• Biology of reproduction · Feb 1999

    Effect of oxytocin receptor and beta2-adrenoceptor blockade on myometrial oxytocin receptors in parturient rats.

    • T Engstrøm, P Bratholm, H Vilhardt, and N J Christensen.
    • Department of Internal Medicine and Endocrinology, Herlev Hospital, University of Copenhagen, 2730 Herlev, Denmark. engstrom@mfi.ku.dk
    • Biol. Reprod. 1999 Feb 1; 60 (2): 322-9.

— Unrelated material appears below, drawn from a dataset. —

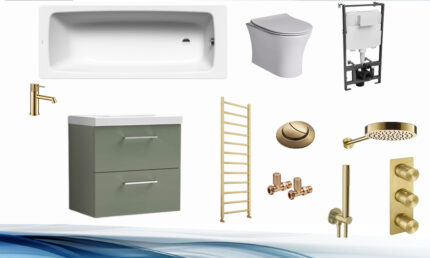 Bathroom Package £2500, Bathroom Packages, Brushed Brass Bathroom, Cost Effective Bathroom, Modern Bathroom Luxurious

    AbstractIt has been proposed that the rise in myometrial oxytocin receptor (OTR) concentrations at term triggers parturition. In the present study, we have shown that in vivo infusion of the beta2-adrenoceptor (beta2AR) antagonist ICI-118.551 in late pregnant rats prevents the rise in myometrial OTR binding normally seen during delivery. A reduced contractile responsiveness of uterine strips isolated from rats in labor when challenged with oxytocin (OT) and a slight shortening of gestation accompanied this effect. OTR mRNA levels were, however, unaltered after the treatment, suggesting that the effect of beta2AR blockade on myometrial OTR was posttranscriptional or due to influences on extra-myometrial tissue. Infusion of the OTR antagonist atosiban down-regulated OTR binding sites in the parturient myometrium and resulted in an impaired contractile response to OT without affecting gestational length. OTR gene expression did not change, as seen from unchanged OTR mRNA values. Neither atosiban nor ICI-118.551 infusions alone changed fetal mortality. A significant increase in the incidence of fetal deaths was found, however, when rats were treated with a combination of atosiban and ICI-118.551. This treatment also down-regulated myometrial OTR and weakened the contractile response to OT, but it did not change gestational length. We conclude that the timing and onset of a normal parturition as well as a favorable outcome seem to be independent of a rise in OTR. This fact cannot exclude the possibility that an increase in OTR is of importance in the genesis of preterm labor. We suggest that beta2 stimulation up-regulates OTR during delivery. This effect may partly be responsible for the tachyphylaxis seen after the use of beta2 agonists to control preterm labor. We further suggest that OTR stimulation up-regulates OTR during labor. The OTR down-regulation seen after atosiban treatment adds to the direct relaxing effect of atosiban on the myometrium. In view of this, atosiban may prove to be a more useful tocolytic than the traditionally used beta2 agonists.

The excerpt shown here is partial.